Todd’s first homicide was
unplanned, provoked by a customer who saw past the
bride-of-Frankenstein hair and recognized the barber as Benjamin. But
what Todd and Lovett lack in melanin, they make up for in brains:
Murder is really just a bad shave waiting to happen, and meat prices
being what they are, grinding the fresh corpses into pies might just
save Lovett money and face. (Carter’s introductory song, "The
Worst Pies in London," is one of the production’s best, uptempo and
funny.) It’d only be a matter of time before Todd has Turpin in his
chair. Meanwhile, Todd encourages a young sailor (Jamie Campbell Bower)
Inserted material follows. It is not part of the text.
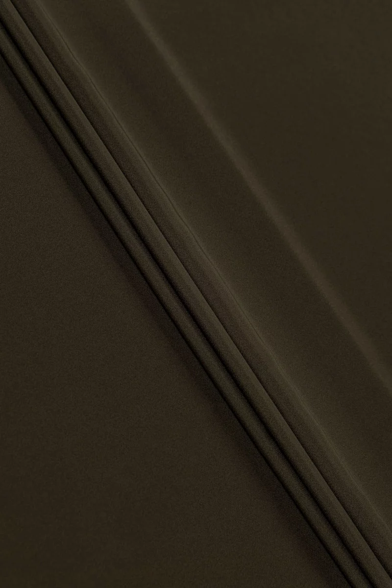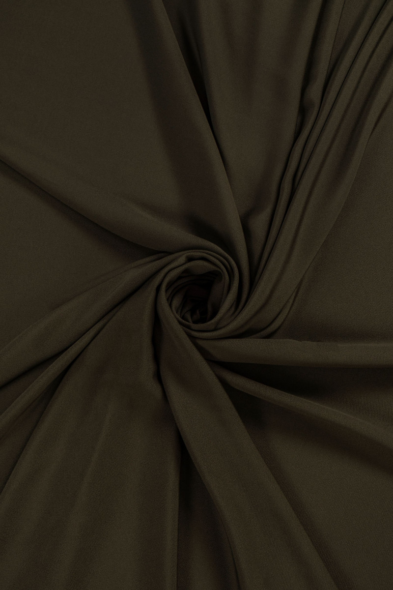 Італійська сукняна тканина каді кольору хакі. Тканина сукні Cadi непрозора, м'ясиста, струмлива (важка) і нееластична. З його допомогою можна шити сукні, блузи, спідниці, штани, костюми.

with eyes for Johanna to help rescue her.
Sweeney Todd’s
cinematography has a fitting shades-of-gray palette that evokes
poverty, oppression, and death. The opening is particularly
Burton-esque, with a swirling, urgent, cartoonish string score
accompanying images of meat grinders and blood so acrylic-red it could
be leftover candy from the Charlie and the Chocolate Factory
set. The bizarro-world kid-friendliness doesn’t last, of course—there
are quite graphic, torturously slow throat-slicings and, well, the
singing. None of the majors have terrible voices, but many of
Sondheim’s tunes aren’t very memorable, which makes several segments of
the film drag. (Edward Sanders, however, as a boy who helps around the
shop, destroys his co-stars whenever he uses his Broadway-ready pipes.)
Worse,
Depp seems confined. He glowers and offs his clientele with verve, but
otherwise he doesn’t bring much notable to the character. (Exceptions:
His eye-rolling reactions during "By the Sea," Lovett’s pondering of a
potential romantic relationship, are amusing, as is the anomalous
Crayola-colored picnic scene as a whole.) Carter and Rickman are
similarly solid but unspectacular; the most entertaining performance by
far is Sacha Baron Cohen’s brief appearance as an outrageously dressed
and accented Italian con man. Of all the musicals in all the world, Sweeney Todd
was undoubtedly the perfect choice for this filmmaking team. But fans
of both the stage version and the Burton crew may find the adaptation
too by-the-numbers to really slay ‘em.